Action item: Reproduce the full listing below exactly. Do not include the pictures.

Data block:

+--

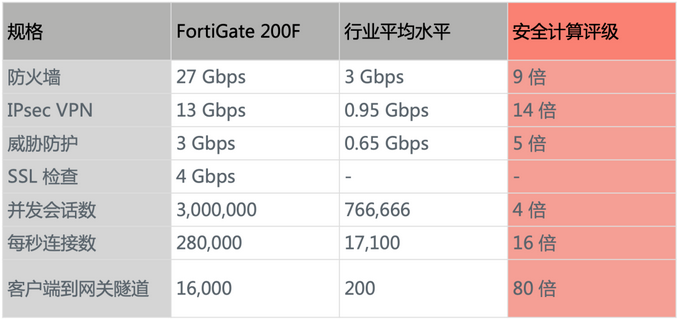 安全计算评级显示,FortiGate -200F的IPsec VPN 性能比行业平均水平高出 14 倍,充分凸显了Fortinet SOC4 SD-WAN ASIC为客户带来的性能优势。
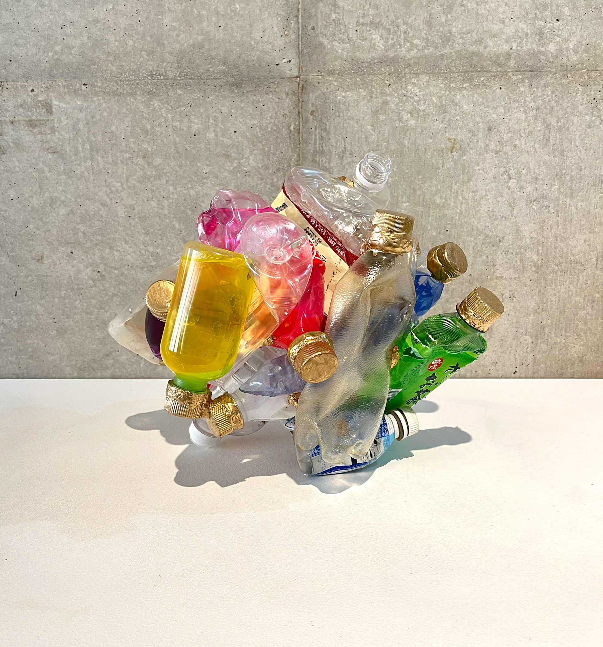 海岸で拾ったペットボトル・スプレー着色・鉄芯など / 2025
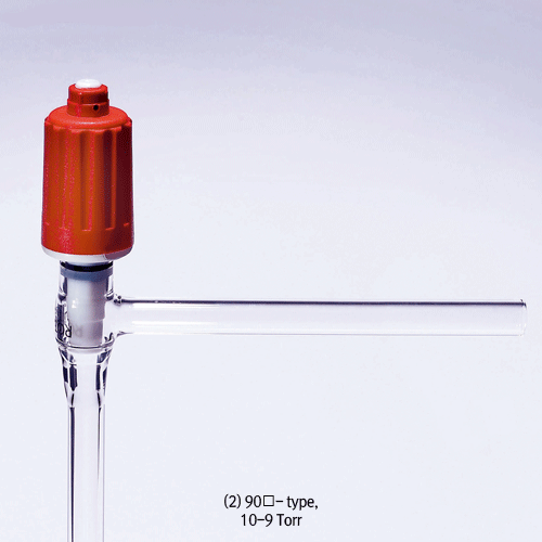 High-Vacu. Stopcocks, PTFE Needle valve, 90° Angle-typeMade of Borosilicate Glassα3.3, 고진공 Teflon 니들밸브/콕
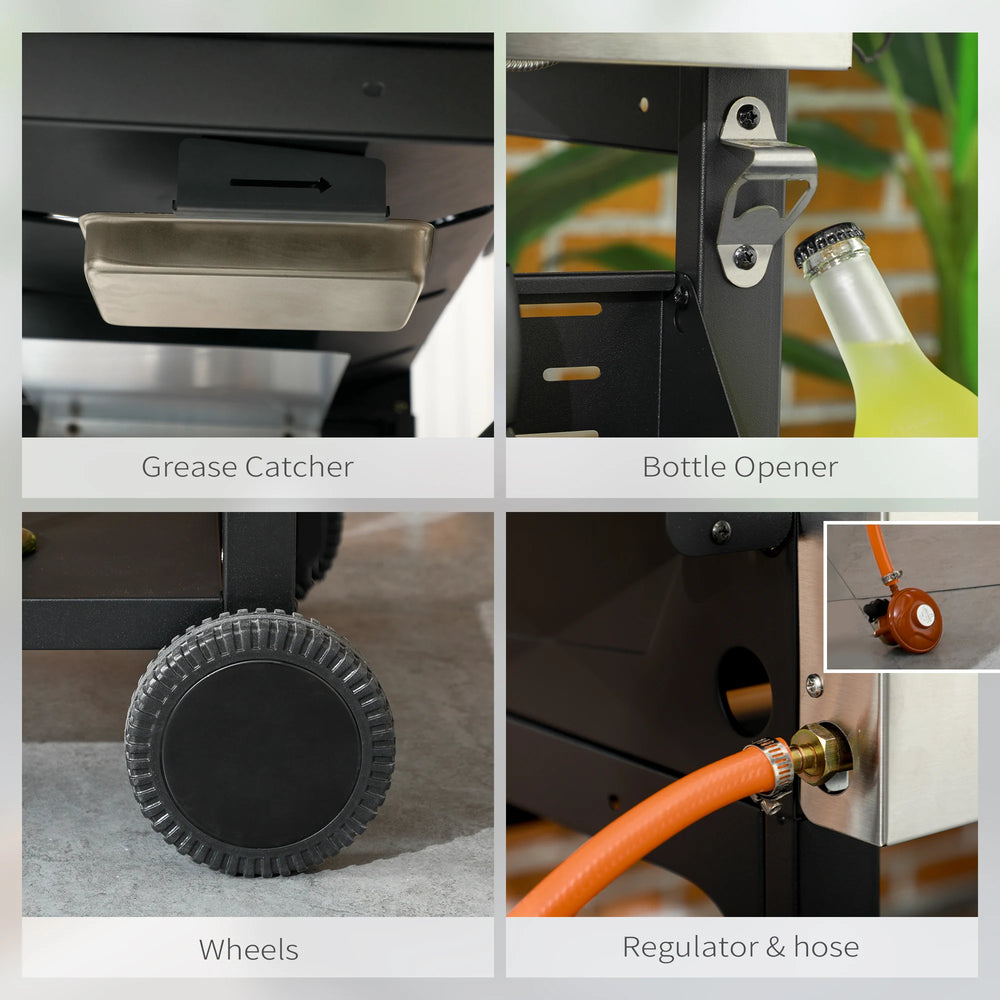 Get friends together and delicious BBQ food with this Outsunny grill. It features four independent burners, controlled by piezo ignition for easy, separate operation. The large 2282cm2 grilling area is enough for 5-10 people party. Cleanup is hassle-free with the grease catcher, with the built-in bottle opener for beers. Have freshly cooked food at your fingertips, whenever.

+--

Solution to the exercise:
 安全计算评级显示,FortiGate -200F的IPsec VPN 性能比行业平均水平高出 14 倍,充分凸显了Fortinet SOC4 SD-WAN ASIC为客户带来的性能优势。
 海岸で拾ったペットボトル・スプレー着色・鉄芯など / 2025
 High-Vacu. Stopcocks, PTFE Needle valve, 90° Angle-typeMade of Borosilicate Glassα3.3, 고진공 Teflon 니들밸브/콕
 Get friends together and delicious BBQ food with this Outsunny grill. It features four independent burners, controlled by piezo ignition for easy, separate operation. The large 2282cm2 grilling area is enough for 5-10 people party. Cleanup is hassle-free with the grease catcher, with the built-in bottle opener for beers. Have freshly cooked food at your fingertips, whenever.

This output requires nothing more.